In Charlotte, N.C., gasoline at nearly $4 a gallon is cracking "the survivors," as credit counselor Bruce G. Hamlett calls them. They're the people who played by the rules and kept up their mortgage and utility payments even as neighbors gave up and moved away, leaving empty homes. Now, crazy prices at the pump are pushing even these survivors over the edge. "They're asking, 'Do I put gas in my car or do I pay this utility bill or do I pay the mortgage?'" says Hamlett, director of economic independence for Charlotte's United Family Services. "It's getting to the point where it's an impossible choice."
For the U.S. economy, the twin shocks from oil and housing have become mutually reinforcing, potentially turning what may be a mild recession into something more threatening. Even those economists who think the U.S. might dodge a recession are concerned. Home prices are seemingly in free fall in much of the country. The Standard & Poor's/Case-Shiller National Home Price Index fell a record 14.1% in the first quarter from a year earlier, S&P reported on May 27. And now oil. After surging nearly 30% in two months, to $131 a barrel on the New York Mercantile Exchange on May 28, oil is twice as expensive as a year ago. "Up until now, housing has been the bigger story. Now I would put energy at potentially the same size," says James D. Hamilton, an economist at the University of California at San Diego.
It's enough to make a lot of people downright depressed. According to the Conference Board Consumer Confidence Survey released on May 27, Americans' expectations for the economy over the next six months hit their lowest point since the dark days of December, 1973—during a long recession triggered by an Arab oil embargo. Businesses aren't feeling exuberant, either. New orders for durable goods fell half a percent in April, the third decline in four months. Michael S. Hanson, senior U.S. economist at Lehman Brothers (LEH), expects the U.S. economy to grow at a slow 1.2% in 2008 and an even weaker 0.6% in 2009 as the headwinds from oil, housing, and the credit crunch continue.
Given enough time, history shows, Americans can adjust to almost anything, from the demise of the family farm to the decline in factory jobs. In the long run, they can adapt to high oil prices by buying fuel-efficient vehicles or finding jobs closer to home. Likewise, with enough time, if they can't afford their homes, they can eventually cut a deal with their lenders or quietly move to a cheaper house or rental.
Trouble is, this ain't the long run. The one-two punch of rising energy prices and falling home prices has landed so quickly that many American families and businesses are breaking rather than bending. The evidence is the rapid rise in foreclosures, bankruptcies, and job losses. Actually, Charlotte is in better shape than most places. Home prices in the metro area were up slightly in March from a year earlier. Things are far worse in cities like Miami (down 25% over the past year), Detroit (down 18%), Phoenix (down 23%), and Las Vegas (down 26%).

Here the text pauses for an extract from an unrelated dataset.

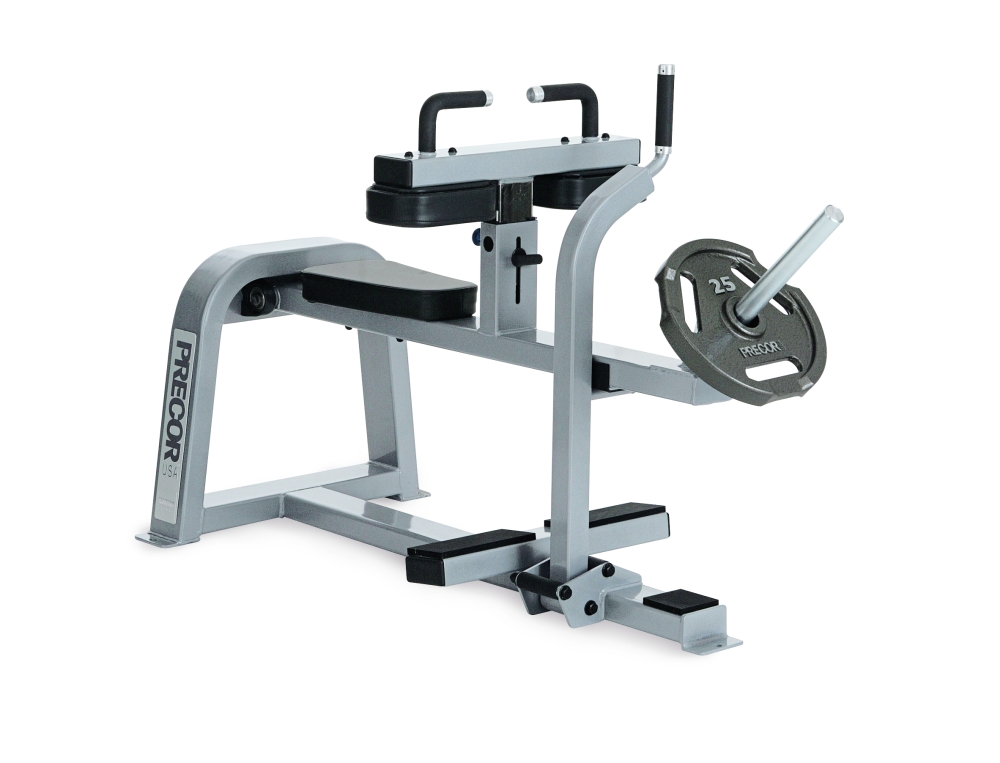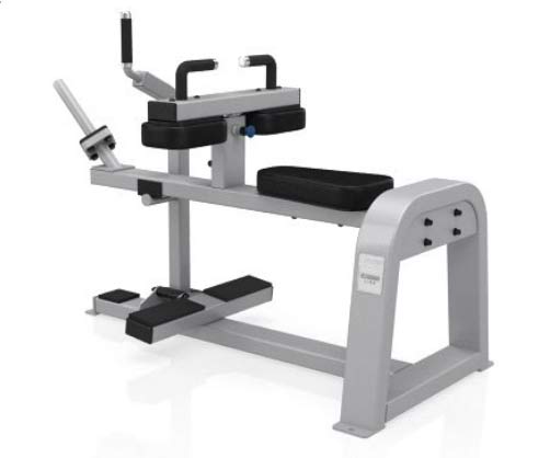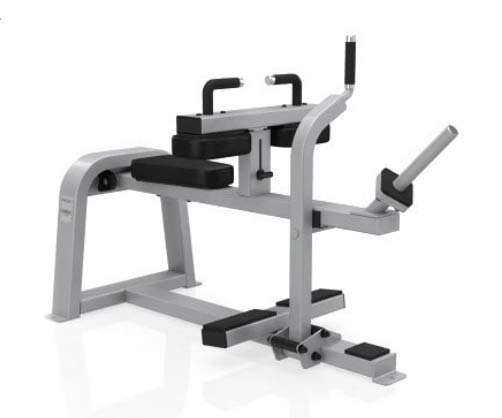 Seated Calf, attrezzo isotonico per un allenamento a più livelli capace di stimolare i principali gruppi muscolari dotato di pesi e panca.

The oil and housing woes are felt most heavily by the middle and lower-middle classes. The very poor are less affected because they don't own cars or houses, while the well-off have a cushion of savings and spare income to help them ride out the storm. Those in between have no such buffer.
On the business side, hardest hit are the sectors of the economy that are exposed to both rising oil prices and falling home prices. Detroit, for one. Automakers are being crushed because of falling sales of the gas-guzzling SUVs and pickups that, until now, made up the lion's share of their profits. At the same time, the housing bust has tightened credit conditions, making auto loans harder to get and cutting off the flow of home-equity loans, which many people use to buy vehicles. U.S. motor vehicle sales fell to an annual rate of 14.4 million in April from a total of 16.6 million units last year. Automakers can't do much about the credit squeeze, so they're focused on making more fuel-conserving vehicles. "This is a structural change, not a cyclical one," Ford Motor (F) CEO Alan R. Mulally acknowledged to reporters recently.